**Assigned task**
In the listing below, the lines starting at the line with "Informe especial actividades" and ending at the line with "क्यानद्वारा जारी विज्ञप्तिमा" are to be output verbatim. Images stay out of the copy.

**Input**

□ □ □ □

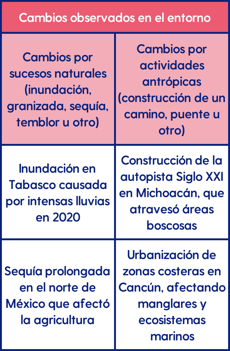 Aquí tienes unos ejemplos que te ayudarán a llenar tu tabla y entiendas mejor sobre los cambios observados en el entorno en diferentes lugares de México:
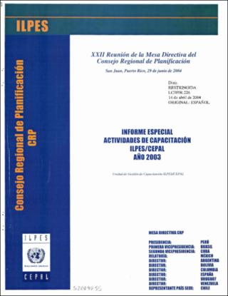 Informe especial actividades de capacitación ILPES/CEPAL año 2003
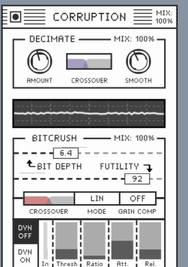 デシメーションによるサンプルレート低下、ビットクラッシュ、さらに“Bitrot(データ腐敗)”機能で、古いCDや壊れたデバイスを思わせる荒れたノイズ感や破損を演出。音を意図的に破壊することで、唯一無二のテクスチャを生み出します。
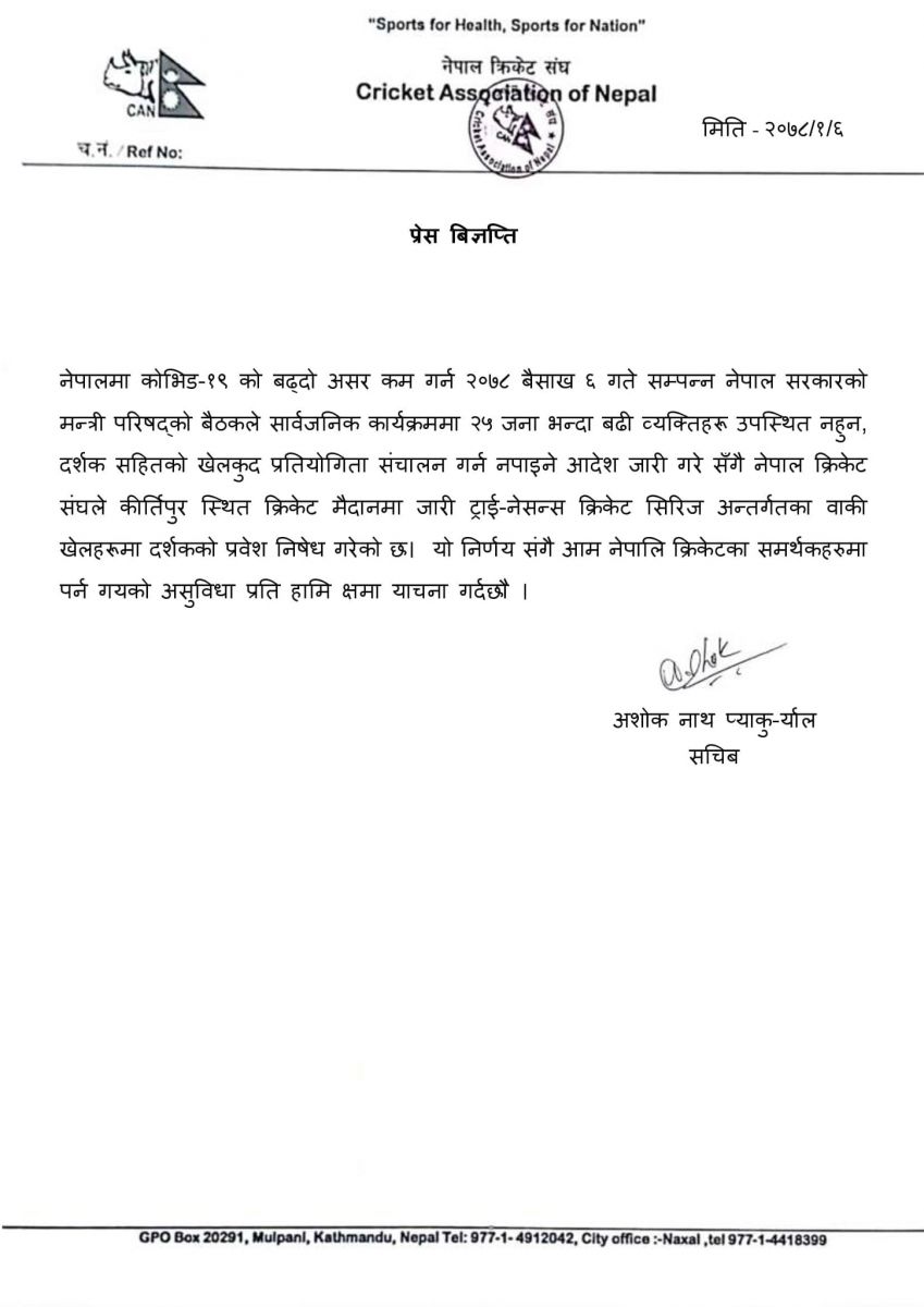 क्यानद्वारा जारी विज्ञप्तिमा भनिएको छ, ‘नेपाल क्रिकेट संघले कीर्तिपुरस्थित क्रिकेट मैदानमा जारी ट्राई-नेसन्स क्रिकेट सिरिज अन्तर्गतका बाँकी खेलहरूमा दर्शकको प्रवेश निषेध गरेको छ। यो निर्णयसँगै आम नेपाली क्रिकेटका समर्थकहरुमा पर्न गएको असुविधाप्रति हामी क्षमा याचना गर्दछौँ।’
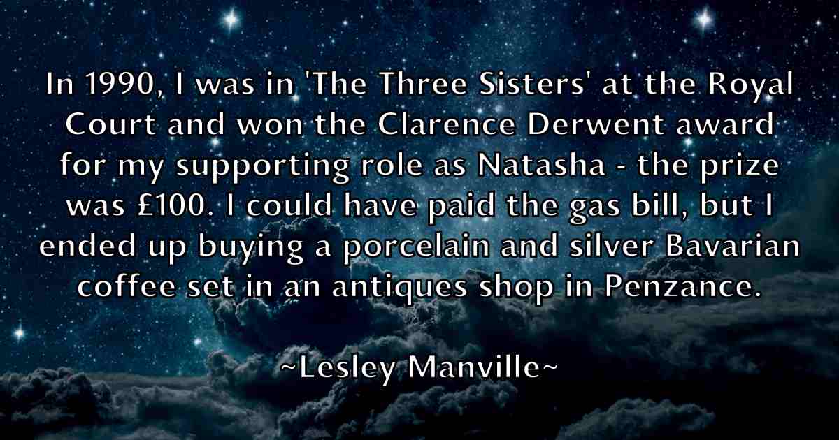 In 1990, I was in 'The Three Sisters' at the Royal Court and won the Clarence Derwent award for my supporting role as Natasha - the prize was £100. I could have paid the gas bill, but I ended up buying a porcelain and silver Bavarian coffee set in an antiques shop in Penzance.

□ □ □ □

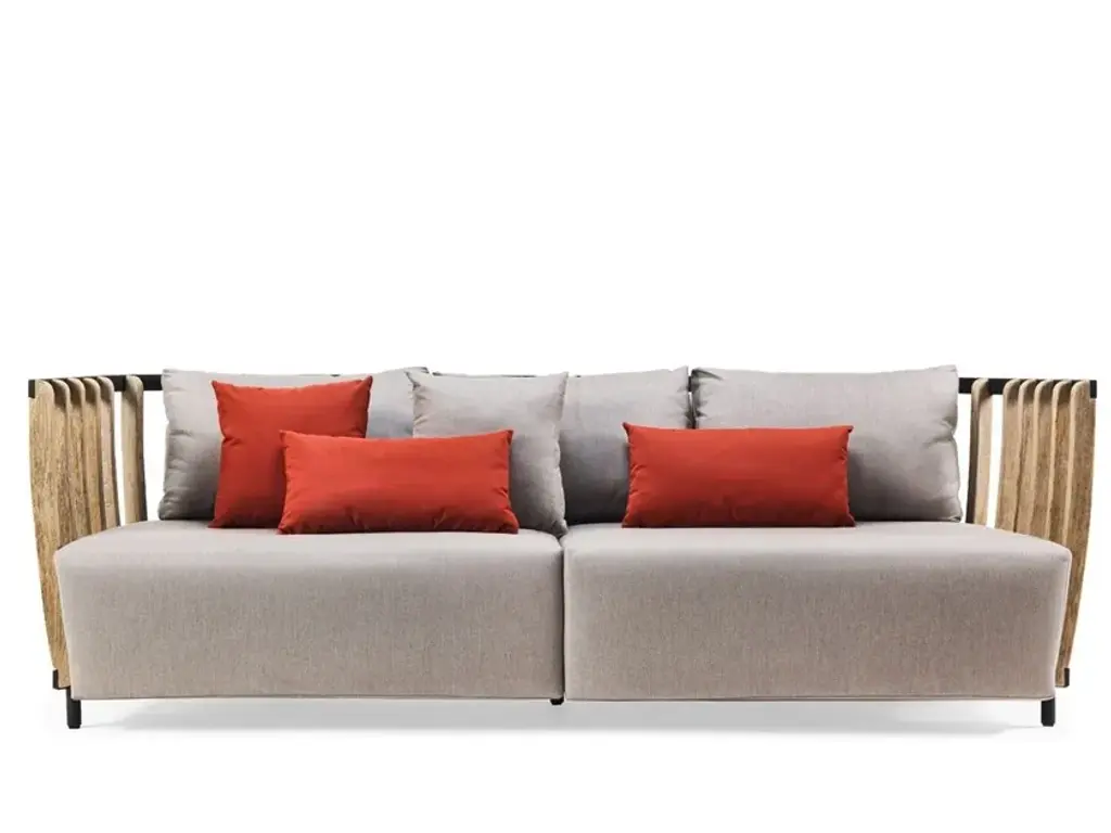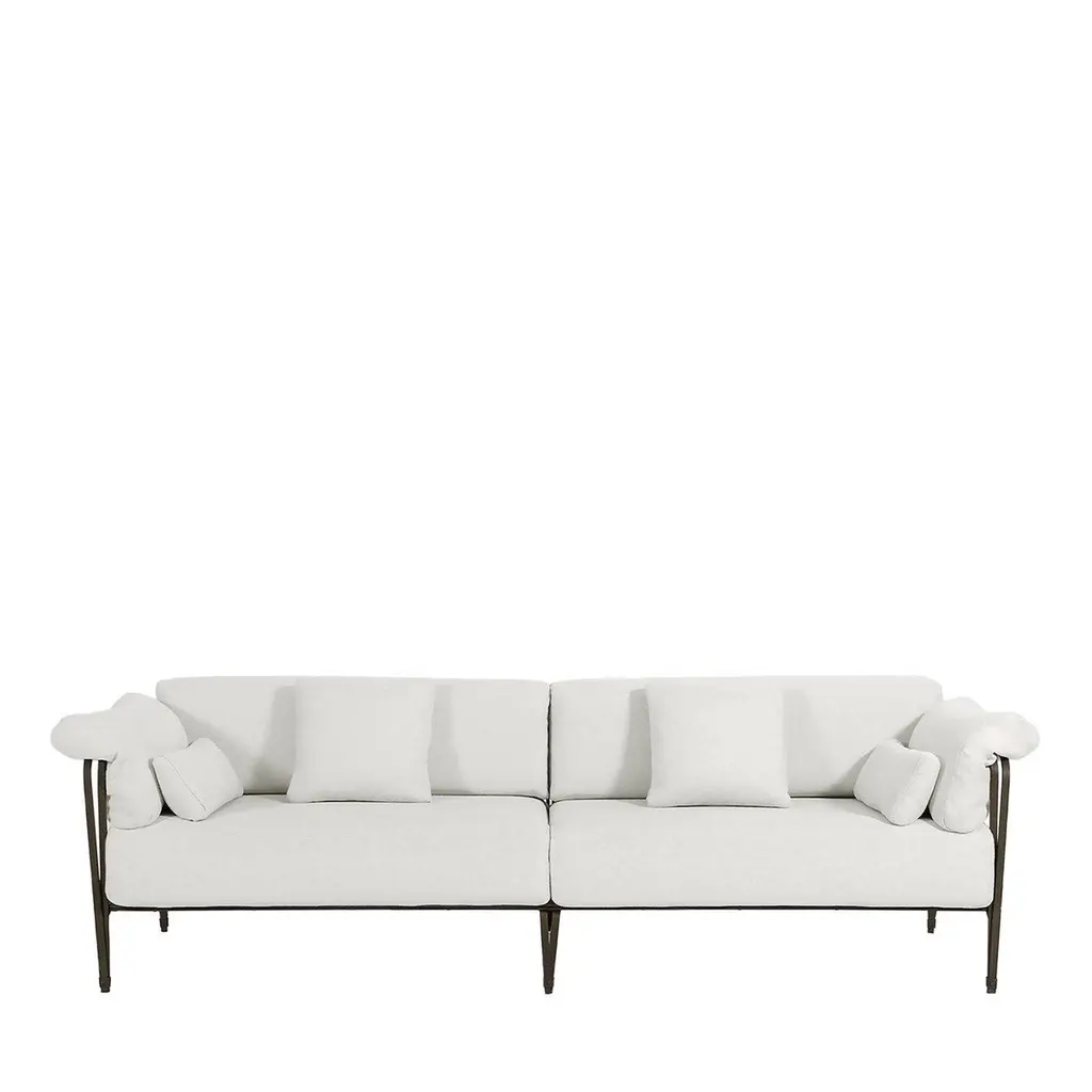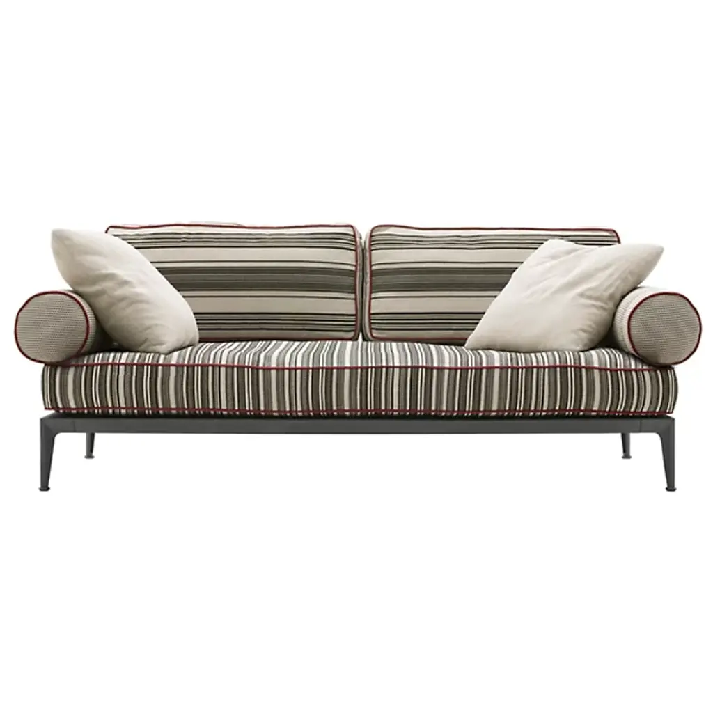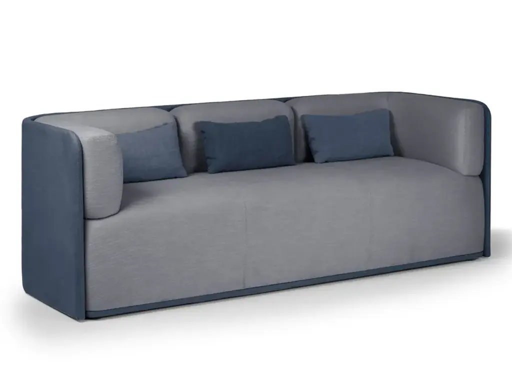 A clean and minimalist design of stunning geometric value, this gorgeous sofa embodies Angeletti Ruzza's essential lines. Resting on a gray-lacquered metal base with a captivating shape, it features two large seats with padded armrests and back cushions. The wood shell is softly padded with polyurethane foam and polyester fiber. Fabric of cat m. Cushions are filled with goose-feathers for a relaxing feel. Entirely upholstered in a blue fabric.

□ □ □ □

**Exercise output**
 Informe especial actividades de capacitación ILPES/CEPAL año 2003
 デシメーションによるサンプルレート低下、ビットクラッシュ、さらに“Bitrot(データ腐敗)”機能で、古いCDや壊れたデバイスを思わせる荒れたノイズ感や破損を演出。音を意図的に破壊することで、唯一無二のテクスチャを生み出します。
 क्यानद्वारा जारी विज्ञप्तिमा भनिएको छ, ‘नेपाल क्रिकेट संघले कीर्तिपुरस्थित क्रिकेट मैदानमा जारी ट्राई-नेसन्स क्रिकेट सिरिज अन्तर्गतका बाँकी खेलहरूमा दर्शकको प्रवेश निषेध गरेको छ। यो निर्णयसँगै आम नेपाली क्रिकेटका समर्थकहरुमा पर्न गएको असुविधाप्रति हामी क्षमा याचना गर्दछौँ।’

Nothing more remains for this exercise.